Monday, June 06, 2016

EPA report says widely used herbicide atrazine is dangerous to animals; ag groups call report flawed

The widely used herbicide atrazine is dangerous to animals and fish, the Environmental Protection Agency said in a draft report released Thursday. Atrazine is primarily used on corn, sorghum and sugarcane to fight weeds and increase yields in the Midwest. "The agency's assessment of atrazine could lead to tighter regulatory limits on the product, manufactured by Swiss-based Syngenta AG. That could ultimately prevent farmers from being able to use it to control weeds, according to agricultural groups that blasted the report as flawed," Tom Polansek reports for Reuters.

EPA "said atrazine's effects exceeded its 'levels of concern' for chronic risk by 198 times for mammals and 62 times for fish," Polansek writes. "The agency will accept comments on the preliminary findings and consider whether to require label changes after it publishes a final risk assessment. EPA republished the findings after it said it inadvertently posted the same report, along with other related documents, online this spring in an error that has sparked criticism from U.S. lawmakers."

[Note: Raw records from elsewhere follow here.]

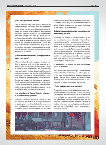 %u00bfC%u00f3mo fue el proceso de creaci%u00f3n?Como ya mencion%u00e9, todo empez%u00f3 con la an%u00e9cdota del %u201csem%u00e1foro en rojo%u201d. Reflexion%u00e9 sobre lo que significaba esa pausa, ese rojo, y me di cuenta de que no ten%u00eda por qu%u00e9 ser algo negativo. Esa fue la premisa que dio inicio a este viaje. A partir de ah%u00ed, los personajes empezaron a surgir. Ten%u00eda claro que quer%u00eda que fueran tres amigos, como los colores del sem%u00e1foro, pero que en lugar de representar un color cada uno, todos tuvieran que atravesar los tres colores. La parte m%u00e1s larga del proceso fue la construcci%u00f3n del guion, que fui haciendo mientras lo compaginaba con otros trabajos. A diferencia del guion, el dibujo es, para m%u00ed, lo m%u00e1s sencillo de realizar.%u00bfCambia mucho trabajar sobre guion propio en relaci%u00f3n a uno ajeno?Totalmente. Cuando recibo un guion, mi primer instinto es ponerme en la mente del guionista e intentar captar lo que espera en cada vi%u00f1eta. Tengo la suerte de que, %u00faltimamente, mis colaboradores me env%u00edan relatos en lugar de guiones t%u00e9cnicos, lo cual prefiero porque me permite sentir la historia como propia y realizar mi %u201ccorte del director%u201d particular, dise%u00f1ando la composici%u00f3n y el ritmo narrativo. Cuando escribo para m%u00ed, el proceso es m%u00e1s sencillo: s%u00e9 exactamente lo que busco en cada p%u00e1gina. Cuando colaboro con un guionista, esa responsabilidad es compartida. Sin embargo, cuando trabajo en solitario, recae completamente sobre m%u00ed. %u00bfQu%u00e9 tal se llevan el Vicente Cifuentes guionista y el Vicente Cifuentes dibujante?Para bien o para mal, tengo que convivir con ambos. Es cierto que a veces el rol de guionista pone en alg%u00fan aprieto narrativo al dibujante, pero, como buen autodidacta en evoluci%u00f3n, recojo ese guante y lo solvento lo mejor posible. Adem%u00e1s, una vez que el c%u00f3mic est%u00e1 conceptualmente terminado, el dibujante siempre realiza mil y una revisiones de vi%u00f1etas o a%u00f1ade detalles para asegurar que la obra final luzca lo m%u00e1s pulida y atractiva posible.En Sem%u00e1foro abordas el tema del acompa%u00f1amiento a enfermos y ancianos.Yo trabaj%u00e9 con j%u00f3venes en un centro juvenil. Mi labor consist%u00eda en preparar actividades y transmitir un mensaje de compa%u00f1%u00eda y compa%u00f1erismo. Esta sensibilidad se acentu%u00f3 gracias a los testimonios de una amiga y una prima enfermera que trabajan en un centro para enfermos de Alzheimer y en la unidad de geriatr%u00eda, respectivamente. Creo que debemos tener mucha m%u00e1s conciencia social al respecto. Algo muy positivo de aquella experiencia no fue tanto lo que yo pude hacer u ofrecer, sino lo que recib%u00ed a cambio. Fue profundamente enriquecedor.El aislamiento y la soledad son otros dos grandes temas de Sem%u00e1foro.No lo podr%u00eda haber expresado mejor. Como mencion%u00e9 antes, este c%u00f3mic es mi canto a la vida. Y, para m%u00ed, la vida trata fundamentalmente de estar rodeado de gente. Creo que, en los tiempos que corren, donde parece que las circunstancias nos separan, yo prefiero alzar la voz por todo aquello que nos une.%u00bfTienes alg%u00fan proyecto en preparaci%u00f3n?Ahora mismo estoy terminando de pulir un nuevo proyecto que he escrito yo tambi%u00e9n, titulado El brillo de las mariposas. En esta ocasi%u00f3n, un grupo de chicas (y en particular una protagonista muy so%u00f1adora) llevan todo el peso narrativo. Aunque pensaba que me dedicar%u00eda a terminar un c%u00f3mic de terror que tengo a medias, esta nueva historia lleg%u00f3 de repente y sent%u00ed que ten%u00eda que contarla. Ojal%u00e1 y pronto tenga su oportunidad de ser le%u00edda.PRODUCCI%u00d3N PROPIA %u2022 INVIERNO 2026 P%u00c1G. 162 //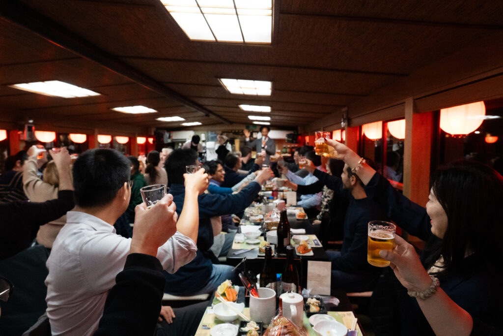 夜は屋形船にて、芸者による演舞とお座敷遊びを満喫。フィナーレの「東京音頭」では全員が輪になって踊り、最高潮の盛り上がりの中で初日を締めくくりました。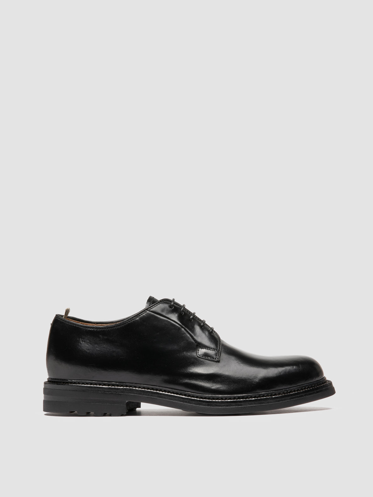 Der „Aston Flexi 001“ ist eine einzigartige Neuinterpretation des klassischen Derbys. Er hat einen übergroßen Leisten und einen verlängerten Absatz. Er ist aus weichem schwarzem Leder handgefertigt und hat eine einteilige Innensohle aus Leder und eine Laufsohle aus Gummi.

"Syngenta, which is set to be acquired by Chinese state-owned ChemChina, said atrazine is safe and that the EPA report 'contains numerous data and methodological errors and needs to be corrected,'" Polansek writes. The Iowa Corn Growers Association said if the report is finalized "it could cause label restrictions so severe that they would 'effectively ban the product from most uses.'" Gary Marshall, executive director of the Missouri Corn Growers Association, told reporters, "EPA's flawed atrazine report is stomping science into the dirt and setting farmers up for significant economic hardship."